THE BALTIMORE SUN | AUG 26, 2019 | 7:47 PM
Trump Called Baltimore ‘Rat and Rodent Infested’ 4 Months after He Tried Ending the Funding for its Rodent Control
By CATHERINE RENTZ
Rats can have sex 21 times a day. A 5-week-old rat can get pregnant and have up to 12 rat babies. Then her babies can have babies. The pesky math: A breeding pair of rats can produce 15,000 offspring in one year, according to experts.
Such calculations haunt Ken Strong, whose job is to eliminate rats in Baltimore’s public housing.
“If we stop, the rats won’t stop,” said Strong, who has been fighting rats in Baltimore since the 1970s.
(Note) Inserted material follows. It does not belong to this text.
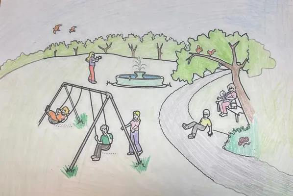 Я очень люблю летом ходить в сквер, там очень красивый фонтанчик с прохладной водичкой. А мама сидит на лавочке с моей младшей сестрой под деревом в тенечке.

He is now a special assistant with the Housing Authority.
Strong recently faced another challenge: the Trump administration’s proposal to cut the funding mechanism for his rat extermination program — right before President Donald Trump tweeted that parts of Baltimore were a “rat and rodent infested mess.”
In March, the White House proposed eliminating the Community Development Block Grant, which the housing authority uses to pay for its rat-elimination program and other programs.
Baltimore’s rat program, called HEAL, or the Healthy Elimination of All Pests Longterm, has slashed active burrows across Baltimore’s public housing from 1,836 in 2017 when the program began, to 143 as of the timing of Trump’s tweets at the end of July, Strong said.
Calls to 311 for rat-related problems fell 35% from 5,510 in 2017 to 3,575 in 2019, according to the Department of Public Works, which partners with the housing authority for rat exterminations. Over that same time period, 311 calls for rats in Washington, D.C., grew about 47% from 3,750 calls to 5,500, Strong said.
Four months after the Trump administration called for ending the grant program that funds rat extermination in Baltimore, Trump wrote “no human being would want to live there” in a series of tweets criticizing Rep. Elijah Cummings’ district.
Baltimore’s Housing Authority received $300,000 in block grants for HEAL during its first two years of operation. It has applied for an additional $50,000 to keep the program going, according to a Baltimore Department of Housing and Community Development spokesperson.
Support to keep the program going is important, Strong said.
“The successful control of rats has to be consistent," Strong said. "You have to stay on top of them because they spread so quickly and are so resilient.”
The Community Development Block Grant program, which funded $22 million of improvements in Baltimore last year, is incredibly popular across the country. The Nixon administration initiated the federal grant program in the early 1970s as a way to give more local control over federal housing funds. Its main goal is to ensure “decent affordable housing,” but it also provides after-school programs to low-income children and assistance on closing costs to purchase homes.
Currently, every congressional district receives or has access to the program’s funds, according to an April 4 letter written by a bipartisan coalition of Congressional members in reaction to the president’s budget proposal.
Cummings, who was the subject of ridicule in Trump’s tweet storm about Baltimore, signed the letter that urged Congress to retain the grant program’s funding. In the end, Cummings and Congress won. The grant fund was reinstated in full this summer when Congress passed the appropriations bill.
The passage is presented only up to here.